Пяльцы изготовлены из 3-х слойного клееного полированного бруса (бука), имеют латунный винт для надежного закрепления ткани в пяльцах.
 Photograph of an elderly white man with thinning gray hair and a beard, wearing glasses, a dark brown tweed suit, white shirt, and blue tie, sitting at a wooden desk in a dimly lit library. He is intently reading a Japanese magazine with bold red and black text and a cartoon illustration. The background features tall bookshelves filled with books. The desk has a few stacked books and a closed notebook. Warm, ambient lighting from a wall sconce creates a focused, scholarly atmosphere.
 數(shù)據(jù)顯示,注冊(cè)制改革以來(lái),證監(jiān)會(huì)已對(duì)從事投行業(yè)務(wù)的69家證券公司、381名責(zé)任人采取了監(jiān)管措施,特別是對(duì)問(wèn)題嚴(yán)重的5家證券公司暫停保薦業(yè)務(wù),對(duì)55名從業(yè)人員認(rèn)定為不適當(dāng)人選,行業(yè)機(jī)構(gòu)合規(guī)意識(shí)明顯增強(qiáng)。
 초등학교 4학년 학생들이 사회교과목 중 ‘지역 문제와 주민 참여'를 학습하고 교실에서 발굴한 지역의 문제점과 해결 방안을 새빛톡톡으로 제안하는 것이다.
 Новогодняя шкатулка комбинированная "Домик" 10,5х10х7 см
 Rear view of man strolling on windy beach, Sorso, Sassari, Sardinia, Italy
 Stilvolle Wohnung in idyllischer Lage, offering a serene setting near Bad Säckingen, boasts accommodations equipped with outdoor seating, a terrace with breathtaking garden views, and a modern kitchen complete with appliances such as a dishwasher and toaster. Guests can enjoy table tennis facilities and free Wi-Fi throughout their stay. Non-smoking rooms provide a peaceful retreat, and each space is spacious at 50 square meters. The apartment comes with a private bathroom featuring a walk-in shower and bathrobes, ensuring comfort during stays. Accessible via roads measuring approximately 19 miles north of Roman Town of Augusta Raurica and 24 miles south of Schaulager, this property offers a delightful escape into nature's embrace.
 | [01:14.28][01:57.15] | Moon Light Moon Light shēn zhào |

...

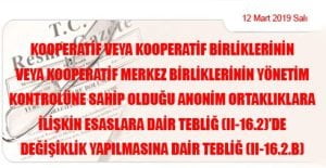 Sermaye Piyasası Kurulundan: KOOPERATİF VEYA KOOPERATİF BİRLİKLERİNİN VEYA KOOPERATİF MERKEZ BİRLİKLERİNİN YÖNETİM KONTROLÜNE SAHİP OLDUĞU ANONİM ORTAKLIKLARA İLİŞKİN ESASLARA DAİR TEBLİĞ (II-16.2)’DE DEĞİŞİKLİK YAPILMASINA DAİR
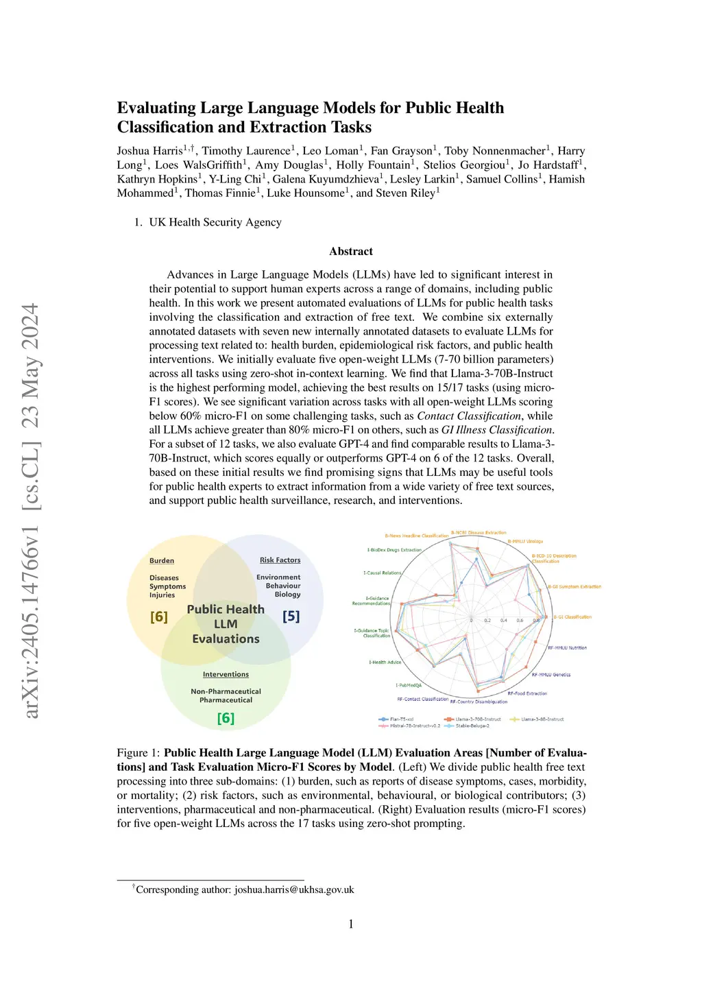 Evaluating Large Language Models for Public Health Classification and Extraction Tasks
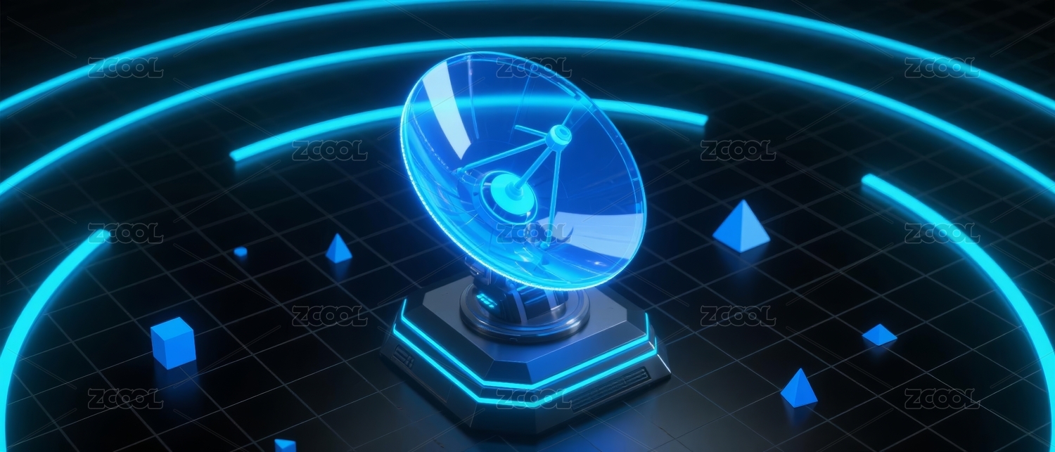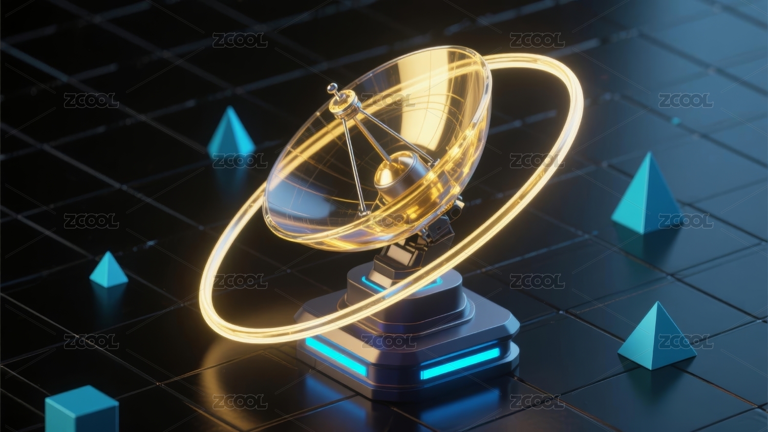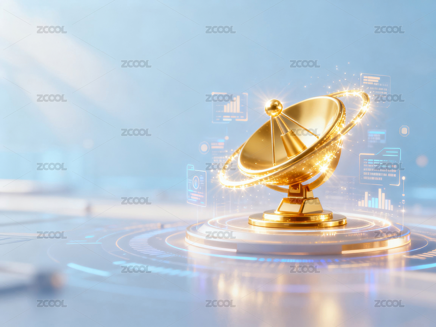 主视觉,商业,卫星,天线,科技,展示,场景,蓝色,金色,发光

• [What the task asks]: Lines in the data holding the word "with": count them and say how many, nothing more.

• [Task response]: 2